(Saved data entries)

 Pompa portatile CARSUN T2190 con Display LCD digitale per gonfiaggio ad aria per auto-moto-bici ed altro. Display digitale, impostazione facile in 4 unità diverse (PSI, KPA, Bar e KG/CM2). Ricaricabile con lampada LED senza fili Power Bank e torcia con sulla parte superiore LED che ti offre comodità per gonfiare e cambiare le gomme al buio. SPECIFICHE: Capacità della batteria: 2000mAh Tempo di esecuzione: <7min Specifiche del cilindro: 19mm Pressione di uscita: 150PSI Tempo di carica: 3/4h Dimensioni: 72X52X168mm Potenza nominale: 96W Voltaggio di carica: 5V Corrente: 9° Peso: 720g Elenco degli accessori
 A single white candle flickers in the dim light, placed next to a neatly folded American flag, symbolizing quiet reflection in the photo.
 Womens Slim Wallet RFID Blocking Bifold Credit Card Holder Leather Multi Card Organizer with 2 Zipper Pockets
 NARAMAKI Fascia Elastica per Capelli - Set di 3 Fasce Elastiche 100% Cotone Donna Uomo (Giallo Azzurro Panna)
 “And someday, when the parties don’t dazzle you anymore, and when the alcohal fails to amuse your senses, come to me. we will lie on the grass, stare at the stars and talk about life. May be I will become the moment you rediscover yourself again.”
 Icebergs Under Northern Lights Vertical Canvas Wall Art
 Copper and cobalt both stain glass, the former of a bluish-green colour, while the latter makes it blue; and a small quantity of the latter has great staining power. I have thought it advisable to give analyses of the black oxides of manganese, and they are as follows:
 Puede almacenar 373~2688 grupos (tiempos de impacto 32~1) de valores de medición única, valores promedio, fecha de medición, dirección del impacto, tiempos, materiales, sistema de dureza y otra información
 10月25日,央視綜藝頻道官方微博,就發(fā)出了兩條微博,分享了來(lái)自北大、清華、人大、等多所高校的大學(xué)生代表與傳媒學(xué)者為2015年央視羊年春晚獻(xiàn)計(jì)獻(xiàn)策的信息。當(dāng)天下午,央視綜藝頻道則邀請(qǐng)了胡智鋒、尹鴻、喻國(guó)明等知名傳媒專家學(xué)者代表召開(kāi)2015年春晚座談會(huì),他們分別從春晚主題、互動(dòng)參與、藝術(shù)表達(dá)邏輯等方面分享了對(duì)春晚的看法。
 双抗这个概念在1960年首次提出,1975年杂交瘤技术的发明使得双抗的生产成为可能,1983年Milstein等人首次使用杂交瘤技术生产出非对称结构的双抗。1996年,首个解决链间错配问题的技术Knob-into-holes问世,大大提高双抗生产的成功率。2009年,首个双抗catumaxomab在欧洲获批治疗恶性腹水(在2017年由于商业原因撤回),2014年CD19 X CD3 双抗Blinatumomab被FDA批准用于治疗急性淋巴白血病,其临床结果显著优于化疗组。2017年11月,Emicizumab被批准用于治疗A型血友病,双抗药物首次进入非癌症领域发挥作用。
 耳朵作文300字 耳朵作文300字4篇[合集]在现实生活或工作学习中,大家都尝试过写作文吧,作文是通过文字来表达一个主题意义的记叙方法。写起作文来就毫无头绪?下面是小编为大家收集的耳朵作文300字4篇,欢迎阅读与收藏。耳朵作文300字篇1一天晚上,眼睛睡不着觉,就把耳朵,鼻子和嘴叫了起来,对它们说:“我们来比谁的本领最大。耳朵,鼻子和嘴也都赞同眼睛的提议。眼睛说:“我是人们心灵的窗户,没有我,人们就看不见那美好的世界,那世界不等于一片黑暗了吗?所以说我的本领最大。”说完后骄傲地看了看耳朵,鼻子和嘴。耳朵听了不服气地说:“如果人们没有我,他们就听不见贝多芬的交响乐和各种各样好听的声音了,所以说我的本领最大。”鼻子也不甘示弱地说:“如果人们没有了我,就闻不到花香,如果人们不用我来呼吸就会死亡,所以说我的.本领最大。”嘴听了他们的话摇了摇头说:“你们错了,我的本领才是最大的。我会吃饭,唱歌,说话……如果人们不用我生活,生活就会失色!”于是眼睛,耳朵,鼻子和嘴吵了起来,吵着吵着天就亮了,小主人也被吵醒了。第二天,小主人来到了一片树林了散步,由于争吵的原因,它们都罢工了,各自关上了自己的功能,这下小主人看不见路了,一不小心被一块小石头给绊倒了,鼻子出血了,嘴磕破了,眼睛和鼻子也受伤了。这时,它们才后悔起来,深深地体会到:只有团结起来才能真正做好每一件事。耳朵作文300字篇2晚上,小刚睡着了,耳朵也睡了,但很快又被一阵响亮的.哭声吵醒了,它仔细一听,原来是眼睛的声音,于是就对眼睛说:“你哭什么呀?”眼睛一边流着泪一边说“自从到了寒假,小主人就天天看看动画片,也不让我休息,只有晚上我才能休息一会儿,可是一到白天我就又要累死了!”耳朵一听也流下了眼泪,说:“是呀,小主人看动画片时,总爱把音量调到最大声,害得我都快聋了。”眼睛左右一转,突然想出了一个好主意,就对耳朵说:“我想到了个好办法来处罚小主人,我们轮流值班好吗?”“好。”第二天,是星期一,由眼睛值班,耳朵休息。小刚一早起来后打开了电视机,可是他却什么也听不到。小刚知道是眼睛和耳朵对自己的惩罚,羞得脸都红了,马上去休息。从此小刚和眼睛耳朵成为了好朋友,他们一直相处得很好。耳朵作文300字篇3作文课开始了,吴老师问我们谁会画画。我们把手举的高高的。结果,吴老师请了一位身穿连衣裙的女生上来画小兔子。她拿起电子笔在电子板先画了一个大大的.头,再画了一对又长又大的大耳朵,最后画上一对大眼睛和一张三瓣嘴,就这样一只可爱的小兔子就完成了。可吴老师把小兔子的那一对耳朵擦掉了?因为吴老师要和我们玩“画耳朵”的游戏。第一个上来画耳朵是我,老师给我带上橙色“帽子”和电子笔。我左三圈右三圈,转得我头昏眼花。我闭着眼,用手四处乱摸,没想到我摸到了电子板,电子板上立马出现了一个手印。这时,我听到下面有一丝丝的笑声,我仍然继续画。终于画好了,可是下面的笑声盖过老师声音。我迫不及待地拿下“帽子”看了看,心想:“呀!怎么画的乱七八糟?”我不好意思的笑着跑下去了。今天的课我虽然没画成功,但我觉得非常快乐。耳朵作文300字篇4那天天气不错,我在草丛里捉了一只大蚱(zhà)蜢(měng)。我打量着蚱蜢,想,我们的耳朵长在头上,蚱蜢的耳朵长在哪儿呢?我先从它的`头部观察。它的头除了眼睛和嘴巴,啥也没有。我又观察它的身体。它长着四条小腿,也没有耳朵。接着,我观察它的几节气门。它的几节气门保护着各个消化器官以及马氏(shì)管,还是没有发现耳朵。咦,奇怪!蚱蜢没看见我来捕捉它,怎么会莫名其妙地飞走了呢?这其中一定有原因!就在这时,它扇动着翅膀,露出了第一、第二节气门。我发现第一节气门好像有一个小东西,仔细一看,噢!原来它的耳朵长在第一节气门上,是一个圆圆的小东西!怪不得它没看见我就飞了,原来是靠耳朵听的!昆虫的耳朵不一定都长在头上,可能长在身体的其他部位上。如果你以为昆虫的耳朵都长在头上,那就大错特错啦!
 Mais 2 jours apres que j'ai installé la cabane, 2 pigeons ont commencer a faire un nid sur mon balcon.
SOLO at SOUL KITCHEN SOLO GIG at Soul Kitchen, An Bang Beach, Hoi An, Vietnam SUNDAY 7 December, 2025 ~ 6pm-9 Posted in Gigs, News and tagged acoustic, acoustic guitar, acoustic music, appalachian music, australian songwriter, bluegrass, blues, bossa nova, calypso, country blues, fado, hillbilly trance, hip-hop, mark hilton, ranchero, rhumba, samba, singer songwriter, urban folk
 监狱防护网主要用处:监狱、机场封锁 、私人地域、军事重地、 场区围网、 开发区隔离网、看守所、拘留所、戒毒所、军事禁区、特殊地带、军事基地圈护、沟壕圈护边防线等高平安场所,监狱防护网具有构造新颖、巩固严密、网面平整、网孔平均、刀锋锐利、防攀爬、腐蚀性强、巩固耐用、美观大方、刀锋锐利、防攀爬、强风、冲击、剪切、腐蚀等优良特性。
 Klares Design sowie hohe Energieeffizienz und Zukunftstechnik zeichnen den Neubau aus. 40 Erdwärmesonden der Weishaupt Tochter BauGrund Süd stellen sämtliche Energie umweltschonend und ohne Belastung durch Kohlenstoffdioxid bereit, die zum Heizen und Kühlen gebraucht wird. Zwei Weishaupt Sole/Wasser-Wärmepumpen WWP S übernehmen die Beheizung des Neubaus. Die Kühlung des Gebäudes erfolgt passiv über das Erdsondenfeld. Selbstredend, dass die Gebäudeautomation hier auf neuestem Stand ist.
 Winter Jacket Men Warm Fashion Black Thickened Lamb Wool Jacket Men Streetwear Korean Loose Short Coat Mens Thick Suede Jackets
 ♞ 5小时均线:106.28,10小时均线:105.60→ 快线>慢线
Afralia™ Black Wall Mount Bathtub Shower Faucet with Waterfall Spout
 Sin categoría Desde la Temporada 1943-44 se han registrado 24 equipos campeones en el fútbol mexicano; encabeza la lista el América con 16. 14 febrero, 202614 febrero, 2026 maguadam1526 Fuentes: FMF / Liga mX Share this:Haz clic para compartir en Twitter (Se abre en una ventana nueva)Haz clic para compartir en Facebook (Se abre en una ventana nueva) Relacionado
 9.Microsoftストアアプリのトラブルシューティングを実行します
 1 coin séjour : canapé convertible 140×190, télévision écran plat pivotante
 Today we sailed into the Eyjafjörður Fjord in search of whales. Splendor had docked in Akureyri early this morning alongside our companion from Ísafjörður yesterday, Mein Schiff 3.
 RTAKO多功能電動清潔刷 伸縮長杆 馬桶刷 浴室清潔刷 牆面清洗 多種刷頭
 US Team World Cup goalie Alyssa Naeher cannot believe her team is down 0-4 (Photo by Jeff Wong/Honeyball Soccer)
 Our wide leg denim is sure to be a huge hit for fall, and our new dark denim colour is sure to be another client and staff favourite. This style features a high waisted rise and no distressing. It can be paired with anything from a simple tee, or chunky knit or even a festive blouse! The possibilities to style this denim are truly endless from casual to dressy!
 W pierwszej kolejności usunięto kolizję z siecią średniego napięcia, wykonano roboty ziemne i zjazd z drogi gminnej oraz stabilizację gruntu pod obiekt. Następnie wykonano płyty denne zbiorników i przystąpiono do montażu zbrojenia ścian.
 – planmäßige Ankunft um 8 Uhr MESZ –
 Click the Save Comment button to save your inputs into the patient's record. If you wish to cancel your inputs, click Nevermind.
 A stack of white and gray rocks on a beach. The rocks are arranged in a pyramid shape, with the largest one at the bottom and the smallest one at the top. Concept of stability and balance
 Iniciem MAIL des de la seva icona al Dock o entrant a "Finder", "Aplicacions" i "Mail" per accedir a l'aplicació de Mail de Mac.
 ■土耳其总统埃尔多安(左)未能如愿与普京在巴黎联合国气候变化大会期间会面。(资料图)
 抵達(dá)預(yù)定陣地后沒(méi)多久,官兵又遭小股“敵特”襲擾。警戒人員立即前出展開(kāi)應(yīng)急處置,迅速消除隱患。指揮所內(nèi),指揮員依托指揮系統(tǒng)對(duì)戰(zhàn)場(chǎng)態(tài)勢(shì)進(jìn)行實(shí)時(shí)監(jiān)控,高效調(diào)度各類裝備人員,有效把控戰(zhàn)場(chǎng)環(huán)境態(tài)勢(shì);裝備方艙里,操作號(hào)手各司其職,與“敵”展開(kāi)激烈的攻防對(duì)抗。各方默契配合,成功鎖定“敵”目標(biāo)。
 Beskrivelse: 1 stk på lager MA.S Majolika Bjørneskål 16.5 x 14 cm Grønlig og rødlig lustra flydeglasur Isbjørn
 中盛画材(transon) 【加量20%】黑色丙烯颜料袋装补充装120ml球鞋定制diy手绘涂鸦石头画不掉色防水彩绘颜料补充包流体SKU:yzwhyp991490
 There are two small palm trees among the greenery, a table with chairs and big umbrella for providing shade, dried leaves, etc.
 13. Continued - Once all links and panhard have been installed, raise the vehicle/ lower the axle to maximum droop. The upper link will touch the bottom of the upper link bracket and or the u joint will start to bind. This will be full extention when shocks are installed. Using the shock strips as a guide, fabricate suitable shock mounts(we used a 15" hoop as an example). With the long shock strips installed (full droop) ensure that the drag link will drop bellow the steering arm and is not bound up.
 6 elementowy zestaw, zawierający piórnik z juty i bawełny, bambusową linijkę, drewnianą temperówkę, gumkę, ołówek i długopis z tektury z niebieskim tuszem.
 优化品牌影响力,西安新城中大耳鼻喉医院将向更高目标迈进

**Instructions to follow**
In the entries above, please find the line with "There are two" and the line with "13. Continued - Once", then write out exactly those two lines and every line between them, and nothing more.

**Answer for this exercise**
 There are two small palm trees among the greenery, a table with chairs and big umbrella for providing shade, dried leaves, etc.
 13. Continued - Once all links and panhard have been installed, raise the vehicle/ lower the axle to maximum droop. The upper link will touch the bottom of the upper link bracket and or the u joint will start to bind. This will be full extention when shocks are installed. Using the shock strips as a guide, fabricate suitable shock mounts(we used a 15" hoop as an example). With the long shock strips installed (full droop) ensure that the drag link will drop bellow the steering arm and is not bound up.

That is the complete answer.